この記事は2006年1月に掲載されたものです。
状況が変わったり、リンク先が変わっている可能性があります。



なぜチケットに会場電話番号を入れないのか

カテゴリー: fringeのトピック以前 | 投稿日: | 投稿者:

●「fringe blog」は複数の筆者による執筆です。本記事の筆者は 荻野達也 です。

Pocket

昔から疑問に感じていることですが、チケット券面に会場の電話番号を入れていないものが多いのはなぜでしょう。会場名と問い合わせ電話番号(カンパニーの電話番号)はあるのですが、会場の電話番号がないのです。

観客が電話を掛けようと思ってチケットを見るのは、どんな場合でしょう。私は、公演当日が圧倒的に多いと思います。劇場の場所がわからない、交通機関が乱れて遅刻する、台風直撃だが公演は予定どおりか等々……。

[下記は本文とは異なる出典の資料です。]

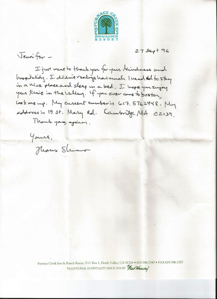 I’m a hopeless romantic, or just brainwashed by watching too many soap operas when growing up, and frequently wonder about “what if.” For instance, while going through some boxes of my past, I came across a letter written by a young hotel guest. He was handsome, dark-haired and probably in his late-20s. He was riding his bike through Death Valley on a cross-country journey. It was September and being sympathetic to his journey (and admiring the grueling trip he was making in the freakin’ Death Valley heat), I gave him a sweet rate on plush accommodations at the Furnace Creek Inn.
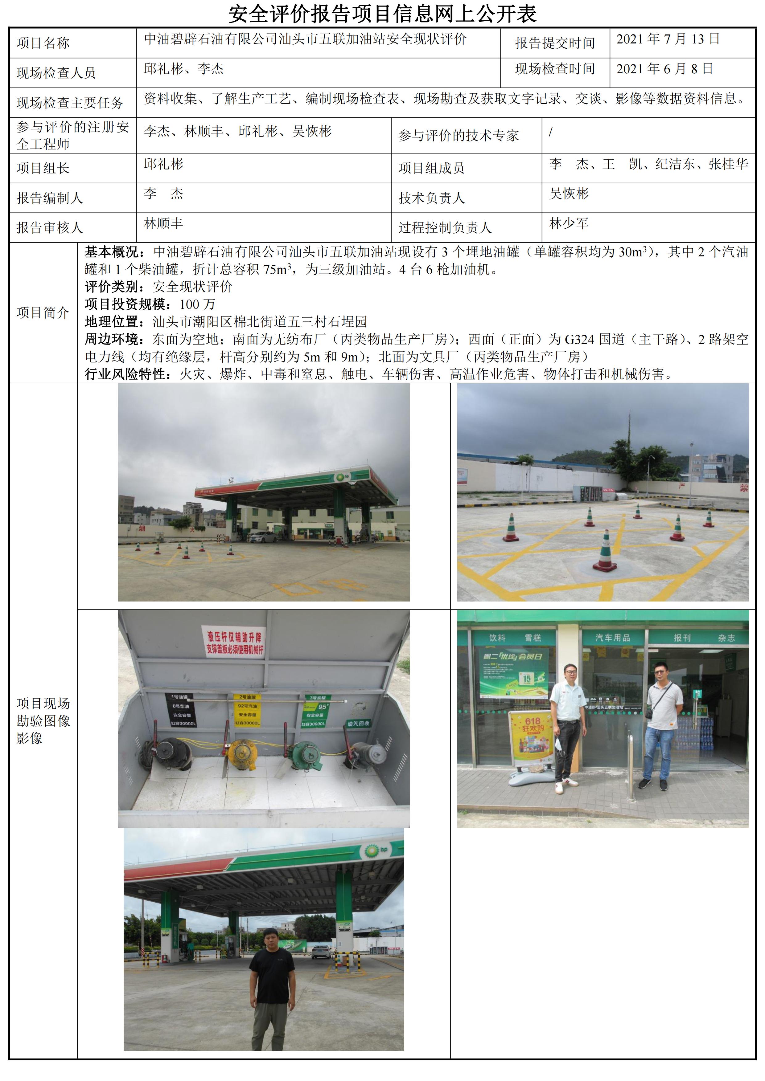 中油碧辟石油有限公司汕头市五联加油站安全现状评价
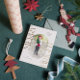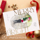 Cartão de saudação de Natal, foto personalizada com quadro cor-de-rosa pincelado e Feliz e tipografia de ouro elegante brilhante. Personalize facilmente este cartão substituindo as fotos pelo seu próprio e personalizando a mensagem de texto e o nome da família.

そんなとき、私ならカンパニーの事務所ではなく直接劇場に電話したいと思います。これらの質問に臨機応変に答えられるのは、現場のほうが確実だからです。特に小劇場系では、公演期間中は制作部も全員小屋入りし、事務所は留守電になっていることがほとんどでしょう。留守電では会場電話番号を案内していると思いますが、だったらなぜ最初からチケットに記載しておかないのかと思います。観客にムダな電話代を遣わせることになりませんか。

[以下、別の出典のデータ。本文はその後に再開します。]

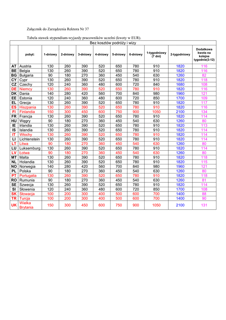 Załącznik do Zarządzenia Rektora Nr 37 Tabela stawek stypendium-wyjazdy pracowników uczelni (kwoty w EUR). Bez kosztów podróży i wizy pobyt: AT BE BG CY CZ DE DK EE EL ES FI FR HU IE IS IT LI LT LU LV MT NL NO PL PT RO SE SI SK TR Austria Belgia Bułgaria Cypr Czechy Niemcy Dania Estonia Grecja Hiszpania Finlandia Francja Węgry Irlandia Islandia Włochy Lichtenstein Litwa Luksemburg Łotwa Malta Holandia Norwegia Polska Portugalia Rumunia Szwecja Słowenia Słowacja Turcja Wielka UK Brytania 1-dniowy 2-dniowy 3-dniowy 4-dniowy 5-dniowy 6-dniowy 1-tygodniowy (7 dni) 2-tygodniowy Dodatkowa kwota na kolejne tygodnie(3-12) 130 130 90 130 120 130 140 120 130 130 150 130 90 130 130 130 130 90 130 90 130 130 140 90 130 90 130 120 100 100 260 260 180 260 240 260 280 240 260 260 300 260 180 260 260 260 260 180 260 180 260 260 280 180 260 180 260 240 200 200 390 390 270 390 360 390 420 360 390 390 450 390 270 390 390 390 390 270 390 270 390 390 420 270 390 270 390 360 300 300 520 520 360 520 480 520 560 480 520 520 600 520 360 520 520 520 520 360 520 360 520 520 560 360 520 360 520 480 400 400 650 650 450 650 600 650 700 600 650 650 750 650 450 650 650 650 650 450 650 450 650 650 700 450 650 450 650 600 500 500 780 780 540 780 720 780 840 720 780 780 900 780 540 780 780 780 780 540 780 540 780 780 840 540 780 540 780 720 600 600 910 910 630 910 840 910 980 850 910 910 1050 910 630 910 910 910 910 630 910 630 910 910 980 630 910 630 910 850 700 700 1820 1820 1260 1820 1680 1820 1960 1700 1820 1820 2100 1820 1260 1820 1820 1820 1820 1260 1820 1260 1820 1820 1960 1260 1820 1260 1820 1700 1400 1400 116 116 82 118 108 116 121 109 117 116 134 114 80 113 114 114 114 80 114 80 118 115 121 80 118 81 114 108 88 90 150 300 450 600 750 900 1050 2100 131

チケットに会場電話番号を入れると、余計な問い合わせまで劇場に掛かって、劇場側に迷惑をかけると考える制作者がいるかも知れません。しかし、会場電話番号と問い合わせ電話番号を併記しておけば、観客は質問によってどちらに掛ければよいか判断するはず。公演当日に劇場の場所や興行の有無を案内するのは、よほど特殊な特設会場を除いて、劇場側の当然の役割でしょう(もちろん、情報は逐一制作者から劇場側に伝えます)。これは提携公演ではなく単なる貸館の場合も同じです。それを嫌がる劇場は、借りること自体を再考してもいいぐらいだと私は思います。そもそも、チラシには会場電話番号を記載しているわけですから、チケットに入れていけない理由はないのです。

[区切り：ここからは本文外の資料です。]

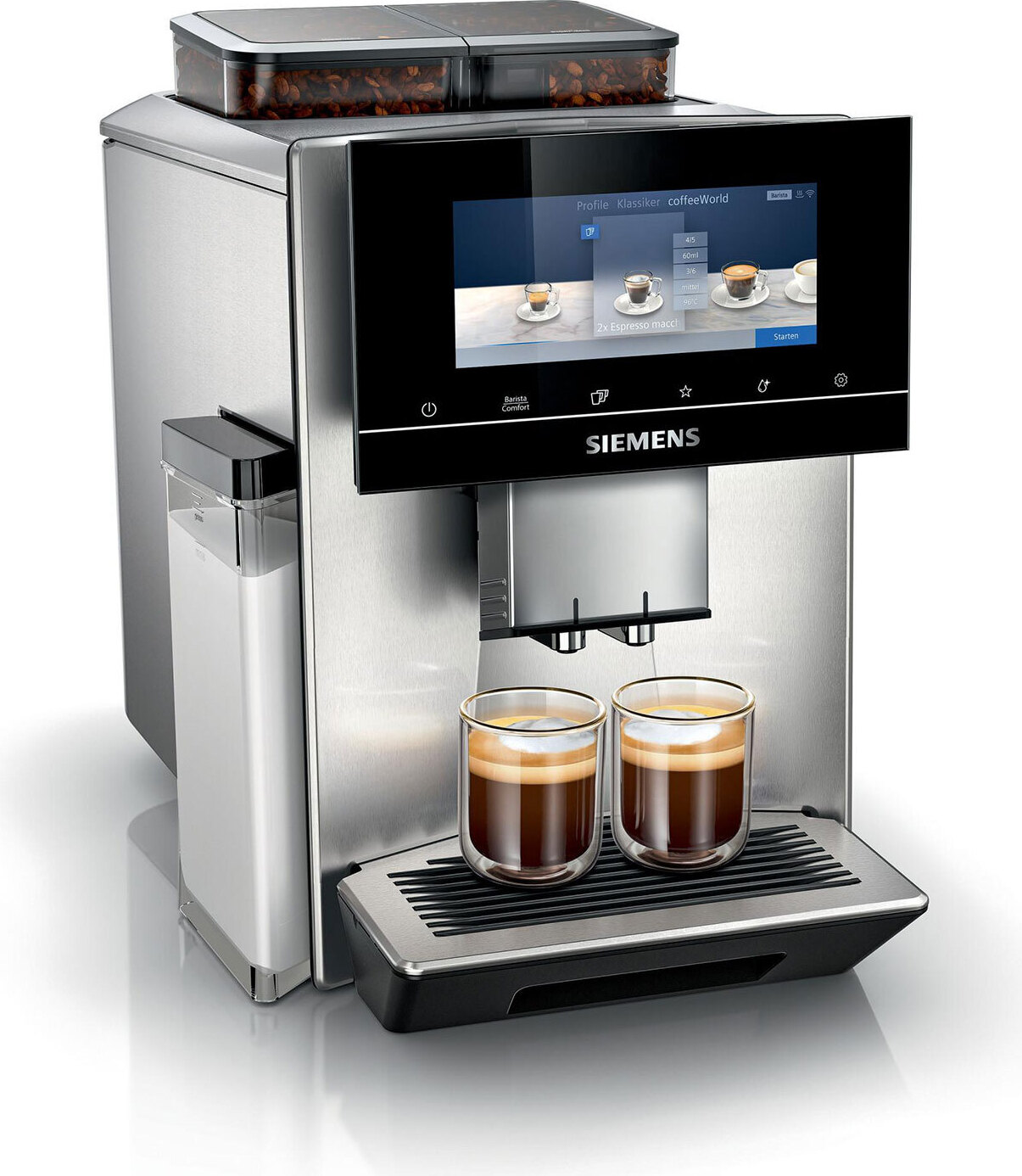 Zustand: Neu - Kaffeevollautomaten - SIEMENS Siemens - TQ907D03 - EAN: 4242003896730 - Kontrolliere alle relevanten Brühparameter für nuancierten Kaffeegenuss - baristaMode Ein brilliantes, hochauflösendes 6,8€ Full-Touch-Display mit einzigartigem Menü - iSelect Display Deutliche Geräuschreduzierung für eine angenehm leise Kaffeezubereitung - superSilent Zwei Bohnenbehälter und zwei separate, elektronisch justierbare Mahlwerke - dualBean System Die perfekten Brüheinstellungen für deine Lieblingskaffeebohnen - beanIdent System - 2 Händler im amazon.de Marketplace ![]() ![]() Siemens Kaffeevollautomat EQ900, großes farbiges TFT-Display, 2 Bohnenbehälter, 36 Heiß- und Kaltgetränke, Cold Brew, super leise, Doppeltassenfunktion, Steuerung per App, Edelstahl, TQ907D03

オリジナルチケットはまだ会場電話番号が入っているほうですが、プレイガイド発券になると本当に少ないです。券面デザインは、自動印字部分以外は指定すればどうにでも変えられます。自動印字される会場名とは別に、1行設けて会場電話番号を入れるのは簡単なことです。私自身は必ず入れるようにしてきました。

これは若手だけでなく、ベテランカンパニーでも多く見られる現象です。改めるべき旧習の一つだと思います。